I am a beginner at this,
I have a classification problem and my data looks like below:
Result column is dependent variable. None of the data is Ordinal. (Name column is having 36 different names.)
As it is categorical data i tried OneHotEncoding
and i got ValueError: Number of features of the model must match the input
Which i understood and referred this : SO Question and it got fixed.
Also there was another site : Medium to solve this ValueError
by using Pandas factorize
function.
My Question is:
- what is the correct way to approach this? Should i
factorize
and applyOneHotEncoding
? - or Since my data is not Ordinal i shouldn't use factorize?
- I am always getting 100% accuracy. Is it because of the encoding i do ?
My code below:
Training
# -*- coding: utf-8 -*-
import numpy as np
import pandas as pd
dataset = pd.read_csv("model_data.csv")
dataset['Col1'] = pd.factorize(dataset['Col1'])[0]
dataset['Col2'] = pd.factorize(dataset['Col2'])[0]
dataset['name'] = pd.factorize(dataset['name'])[0]
dataset['ID'] = pd.factorize(dataset['ID'])[0]

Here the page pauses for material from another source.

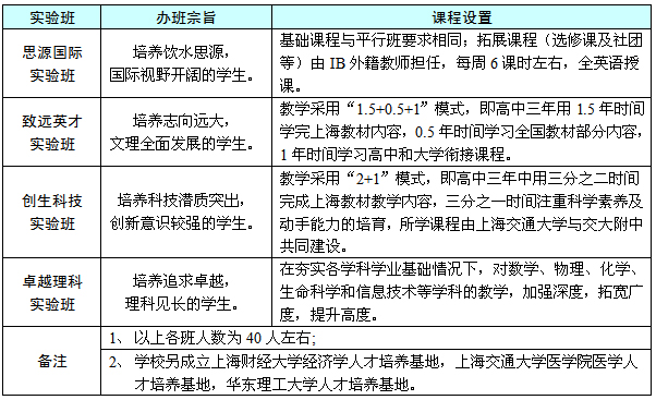 创生科技实验班:即科技班。可直推交大(年级前80名)高考新政后,不再有此直接优势。但预计会以其他形式产生优惠。学校和交大的联合培养,两年学习上海的高中教材,一年学习交大自主研发的教材。

X = dataset.iloc[:, 0:-1].values
y = dataset.iloc[:, -1].values
# Encoding
# Encoding categorical data
# Encoding the Independent Variable
from sklearn.compose import make_column_transformer
from sklearn.preprocessing import OneHotEncoder
ct = make_column_transformer((OneHotEncoder(sparse='False'), [0,1,2,3]), remainder = 'passthrough')
X = ct.fit_transform(X)
# Encoding the Dependent Variable
from sklearn.preprocessing import LabelEncoder
le = LabelEncoder()
y = le.fit_transform(y)
print(y)
#
from sklearn.model_selection import train_test_split
X_train, X_test, y_train, y_test = train_test_split(X, y, test_size = 0.20, random_state = 0)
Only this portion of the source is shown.